ASSIGNMENT
Everything below from the line with "Пакет подарочный ламинированный" through the line with "Diện tích xung" must be retyped exactly, except the pictures.

EXERCISE MATERIALS
====
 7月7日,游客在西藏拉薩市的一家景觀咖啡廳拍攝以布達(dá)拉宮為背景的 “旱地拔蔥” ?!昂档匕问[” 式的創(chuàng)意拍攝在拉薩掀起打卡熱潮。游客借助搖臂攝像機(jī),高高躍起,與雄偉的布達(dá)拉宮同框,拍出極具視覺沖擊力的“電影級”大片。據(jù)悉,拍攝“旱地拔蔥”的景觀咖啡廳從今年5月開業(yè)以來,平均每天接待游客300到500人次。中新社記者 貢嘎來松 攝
====
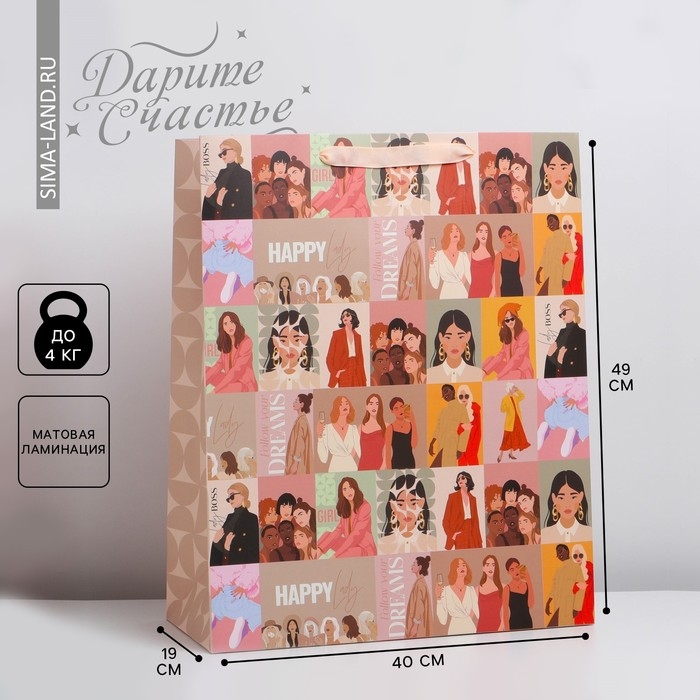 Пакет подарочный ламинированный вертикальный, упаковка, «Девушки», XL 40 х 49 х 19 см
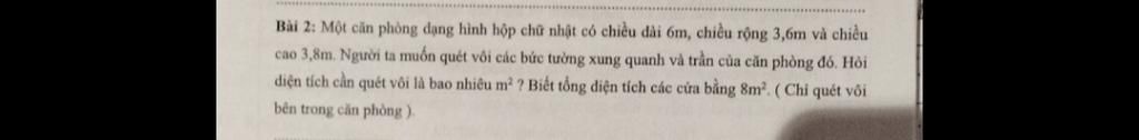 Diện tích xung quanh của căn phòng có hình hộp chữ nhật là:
====
YOUR RESPONSE
 Пакет подарочный ламинированный вертикальный, упаковка, «Девушки», XL 40 х 49 х 19 см
 Diện tích xung quanh của căn phòng có hình hộp chữ nhật là:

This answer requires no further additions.